Book People Archive

Re: feedback to umichigan on "books and culture", part 1



john said:
>    it may be worth stepping back a bit
>    and seeing what issues are in play here.

thanks, john, but i'm not sure you "stepped back" far enough.


>    Past commenters have agreed that it is useful to keep track of 
>    the page sequencing and the page numbering of a book

"keep track of" is a relatively ambiguous expression.

both of these variables need to be _determinable_...


>    In most cases, sequencing can be determined from numbering 
>    in a straightforward way, but there are various exceptions 
>    (odd numbering schemes, unnumbered pages, restarting
>    sequences, numbering mistakes., etc.)

if you want to talk about _whether_ there are "exceptions",
we can discuss that.   but to assert it as some kind of "fact"
is incorrect.   i will repeat that there are no "exceptions" that
cannot be handled with filenames that are _wisely_ chosen,
and will prove it with any counter-cases you can bring up.

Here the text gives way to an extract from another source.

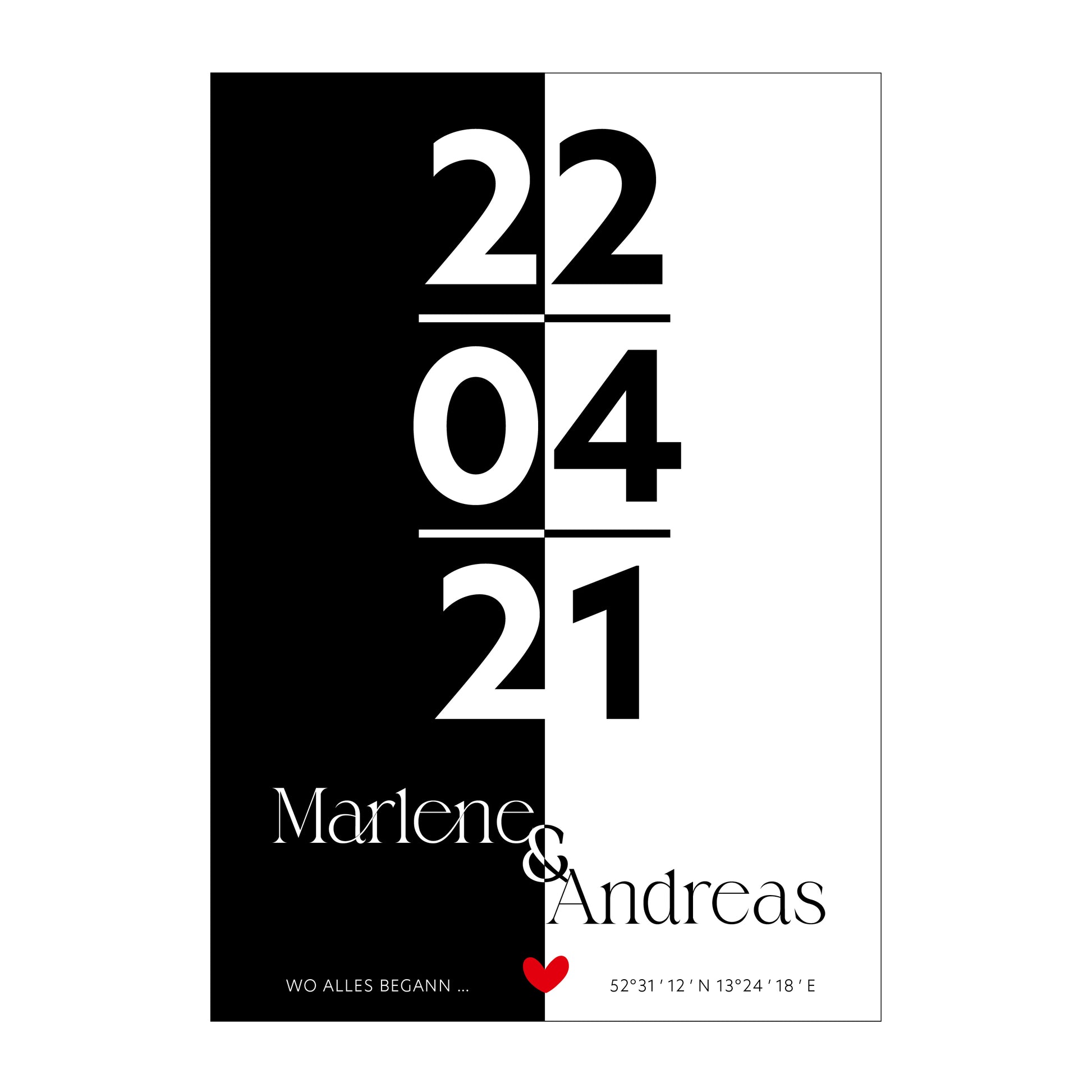Datum, Namen und auf Wunsch die Koordinaten eures besonderen Ortes werden präzise und harmonisch in das schwarz-weiße Design integriert. Unter den Namen kannst du zusätzlich einen kurzen Text auswählen oder das Poster ganz bewusst schlicht halten.

>    So, some relevant questions include:   Should both 
>    sequencing and numbering be explicitly noted somewhere?

it might surprise you to hear me say that the answer is yes,
because we haven't yet progressed the thread to the point
where making the sequencing explicit becomes a good idea.
that's due to the "discussion", not with my treatment of it...


>    (I haven't seen anyone say outright that explicit sequencing 
>    *anywhere* is inherently a bad idea, but it has been argued
>    that it's relatively unimportant

it might also surprise you to hear me say that sequencing
_should_ be done explicitly, and not just be "determinable";
both systems should give the same result, for redundancy.
but again, nobody moved the discussion to that point yet.


>    and may confuse readers if they have to deal with page 
>    *sequence* numbers instead of or alongside "regular" page numbers)

two sets of numbers _will_ confuse readers, some of them,
and most of them at one time or another.   it's a _certainty_,
from murphy's law, so the word "may" is really inaccurate...


>    Which of those two things, if any, should be noted in page filenames?
>    Possible answers include:
>    a) Numbering only (Bowerbird)
>    b) Sequencing only (akin to what happens by default in many PDFs)
>    c) Neither; they should just be in the metadata (UMich)
>    d) Both (Jon Noring)
>    e) It doesn't matter much as long as the files are well managed

if you really want to get deeper into this discussion, you will need to
specify exactly whether you're talking about filenames and/or url's,
and -- on a broader level -- what you make the end-user deal with...


>    The position you take will probably be more convincing to readers 
>    if you can show a real-world example of where your recommended 
>    choice has helped you or your users, or where a different choice 
>    has led to problems.

i've pointed out any number of examples where "a different choice"
leads to problems.   every pagenumber i've given from the mabie book
has forced everyone who wanted to look at it to do the "add 6" exercise,
a totally unnecessary and confusing hassle.   and that's a case where
_at_least_ the offset is consistent throughout the book, so a person
can compute it without actually having to go verify each composed url,
which is what one is required to do when the offset in a book changes.
(and since a person usually will not know whether the offset changes
in a specific book, they have to verify each url just as a matter of course.
this borders on ridiculous.)

and thus it should be obvious that avoiding this ludicrous situation
is indeed something that will "help your users", wouldn't you agree?